===== DATASET ENTRIES

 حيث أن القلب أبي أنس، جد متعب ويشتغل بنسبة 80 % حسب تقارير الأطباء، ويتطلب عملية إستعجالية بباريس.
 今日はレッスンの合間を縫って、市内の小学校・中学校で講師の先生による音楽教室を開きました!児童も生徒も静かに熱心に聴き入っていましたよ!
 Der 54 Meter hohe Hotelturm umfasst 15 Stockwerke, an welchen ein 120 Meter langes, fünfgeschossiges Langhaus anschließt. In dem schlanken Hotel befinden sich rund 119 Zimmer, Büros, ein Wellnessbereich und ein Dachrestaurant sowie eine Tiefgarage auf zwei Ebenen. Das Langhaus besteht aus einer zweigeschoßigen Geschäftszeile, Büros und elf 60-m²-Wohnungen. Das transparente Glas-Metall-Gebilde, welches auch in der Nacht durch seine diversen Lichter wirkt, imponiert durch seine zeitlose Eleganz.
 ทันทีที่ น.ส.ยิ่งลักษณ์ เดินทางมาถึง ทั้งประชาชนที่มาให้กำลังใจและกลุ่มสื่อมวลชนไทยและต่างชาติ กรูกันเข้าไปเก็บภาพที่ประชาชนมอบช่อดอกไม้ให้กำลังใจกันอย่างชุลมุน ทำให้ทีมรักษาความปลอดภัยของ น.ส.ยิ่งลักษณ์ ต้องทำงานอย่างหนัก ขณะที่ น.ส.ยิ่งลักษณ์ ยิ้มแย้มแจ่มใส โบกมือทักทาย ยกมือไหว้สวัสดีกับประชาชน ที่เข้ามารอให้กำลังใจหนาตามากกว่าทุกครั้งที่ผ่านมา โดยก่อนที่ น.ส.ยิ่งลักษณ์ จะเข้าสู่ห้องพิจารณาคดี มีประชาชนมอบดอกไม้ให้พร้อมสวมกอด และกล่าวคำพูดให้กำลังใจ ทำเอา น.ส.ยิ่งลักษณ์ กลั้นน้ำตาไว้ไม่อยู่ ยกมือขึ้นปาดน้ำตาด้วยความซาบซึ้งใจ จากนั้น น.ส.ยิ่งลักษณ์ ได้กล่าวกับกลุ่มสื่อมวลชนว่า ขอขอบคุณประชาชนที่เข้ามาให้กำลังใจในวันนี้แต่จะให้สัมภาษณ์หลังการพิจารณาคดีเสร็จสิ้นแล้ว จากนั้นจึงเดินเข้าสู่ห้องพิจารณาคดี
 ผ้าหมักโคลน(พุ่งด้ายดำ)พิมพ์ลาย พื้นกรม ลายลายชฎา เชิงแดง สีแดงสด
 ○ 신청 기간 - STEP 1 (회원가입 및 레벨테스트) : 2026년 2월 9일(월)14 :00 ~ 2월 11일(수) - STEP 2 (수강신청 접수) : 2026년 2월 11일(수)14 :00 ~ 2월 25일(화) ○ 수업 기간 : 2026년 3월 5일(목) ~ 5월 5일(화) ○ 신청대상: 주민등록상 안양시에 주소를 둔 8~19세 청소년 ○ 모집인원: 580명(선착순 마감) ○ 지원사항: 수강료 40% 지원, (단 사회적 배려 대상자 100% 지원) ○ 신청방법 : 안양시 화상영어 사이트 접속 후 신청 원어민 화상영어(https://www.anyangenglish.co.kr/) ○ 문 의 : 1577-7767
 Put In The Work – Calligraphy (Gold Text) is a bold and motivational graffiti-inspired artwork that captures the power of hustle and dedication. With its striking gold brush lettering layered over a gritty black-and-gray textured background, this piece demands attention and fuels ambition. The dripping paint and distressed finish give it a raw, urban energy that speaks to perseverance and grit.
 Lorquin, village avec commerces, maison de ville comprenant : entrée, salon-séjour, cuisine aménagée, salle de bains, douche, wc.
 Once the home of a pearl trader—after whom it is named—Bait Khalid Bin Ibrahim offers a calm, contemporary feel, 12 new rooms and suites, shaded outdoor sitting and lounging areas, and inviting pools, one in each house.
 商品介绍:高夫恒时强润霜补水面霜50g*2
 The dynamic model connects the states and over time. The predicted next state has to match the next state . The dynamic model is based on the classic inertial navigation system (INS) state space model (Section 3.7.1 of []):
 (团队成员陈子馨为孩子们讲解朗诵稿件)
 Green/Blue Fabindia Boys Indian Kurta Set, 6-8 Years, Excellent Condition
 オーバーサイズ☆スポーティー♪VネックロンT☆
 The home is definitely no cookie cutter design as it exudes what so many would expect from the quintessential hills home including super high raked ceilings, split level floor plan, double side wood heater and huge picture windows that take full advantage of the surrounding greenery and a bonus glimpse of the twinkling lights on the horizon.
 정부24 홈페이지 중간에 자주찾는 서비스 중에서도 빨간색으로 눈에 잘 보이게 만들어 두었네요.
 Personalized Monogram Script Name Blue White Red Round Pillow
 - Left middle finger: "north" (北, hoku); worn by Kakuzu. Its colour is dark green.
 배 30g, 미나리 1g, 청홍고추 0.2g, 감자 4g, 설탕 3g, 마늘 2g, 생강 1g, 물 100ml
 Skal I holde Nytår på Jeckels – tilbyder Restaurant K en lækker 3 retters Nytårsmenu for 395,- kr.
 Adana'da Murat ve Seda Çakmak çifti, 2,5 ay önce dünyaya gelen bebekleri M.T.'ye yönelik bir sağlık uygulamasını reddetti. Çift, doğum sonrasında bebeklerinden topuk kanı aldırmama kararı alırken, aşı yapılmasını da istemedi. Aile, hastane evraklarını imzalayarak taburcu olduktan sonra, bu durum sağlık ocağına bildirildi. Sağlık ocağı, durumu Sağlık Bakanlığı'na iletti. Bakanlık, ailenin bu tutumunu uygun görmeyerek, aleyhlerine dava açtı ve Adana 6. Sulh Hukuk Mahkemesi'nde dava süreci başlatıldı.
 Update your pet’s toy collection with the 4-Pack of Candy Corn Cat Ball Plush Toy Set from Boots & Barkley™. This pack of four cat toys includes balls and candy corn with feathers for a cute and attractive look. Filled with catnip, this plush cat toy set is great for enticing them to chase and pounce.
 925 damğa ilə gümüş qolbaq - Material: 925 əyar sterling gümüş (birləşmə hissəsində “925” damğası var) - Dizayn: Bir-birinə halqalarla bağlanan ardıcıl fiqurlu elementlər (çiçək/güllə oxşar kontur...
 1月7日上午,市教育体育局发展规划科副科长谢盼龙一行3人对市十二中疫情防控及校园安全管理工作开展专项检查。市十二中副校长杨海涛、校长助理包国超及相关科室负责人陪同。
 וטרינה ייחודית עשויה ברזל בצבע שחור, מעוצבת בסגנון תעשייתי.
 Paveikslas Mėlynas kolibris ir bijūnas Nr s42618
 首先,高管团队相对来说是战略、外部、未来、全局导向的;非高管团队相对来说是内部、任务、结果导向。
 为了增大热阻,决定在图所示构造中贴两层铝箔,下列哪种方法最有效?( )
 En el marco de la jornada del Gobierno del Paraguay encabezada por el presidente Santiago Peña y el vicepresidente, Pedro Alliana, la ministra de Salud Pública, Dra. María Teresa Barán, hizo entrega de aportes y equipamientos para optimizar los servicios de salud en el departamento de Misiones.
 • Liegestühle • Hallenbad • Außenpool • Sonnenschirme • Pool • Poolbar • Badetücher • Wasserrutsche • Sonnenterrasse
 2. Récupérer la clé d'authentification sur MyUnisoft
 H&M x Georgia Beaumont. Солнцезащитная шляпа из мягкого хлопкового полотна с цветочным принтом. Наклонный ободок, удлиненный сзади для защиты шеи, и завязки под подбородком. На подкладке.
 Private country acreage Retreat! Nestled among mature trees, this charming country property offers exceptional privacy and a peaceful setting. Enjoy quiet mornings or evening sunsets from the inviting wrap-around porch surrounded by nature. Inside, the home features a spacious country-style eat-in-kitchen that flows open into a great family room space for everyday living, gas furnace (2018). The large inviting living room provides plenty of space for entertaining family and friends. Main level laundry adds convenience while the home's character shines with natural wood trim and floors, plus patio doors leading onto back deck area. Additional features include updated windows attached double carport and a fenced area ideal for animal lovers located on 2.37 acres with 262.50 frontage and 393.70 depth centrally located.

==========

#### WHAT YOU SHOULD DO:
Above are records; repeat only the lines starting at the line with "首先,高管团队相对来说是战略" and ending at the line with "为了增大热阻,决定在图所示构造中贴两层铝箔,下列哪种方法最有效?( )", exactly as they appear, both included.

#### WRITTEN SOLUTION:
 首先,高管团队相对来说是战略、外部、未来、全局导向的;非高管团队相对来说是内部、任务、结果导向。
 为了增大热阻,决定在图所示构造中贴两层铝箔,下列哪种方法最有效?( )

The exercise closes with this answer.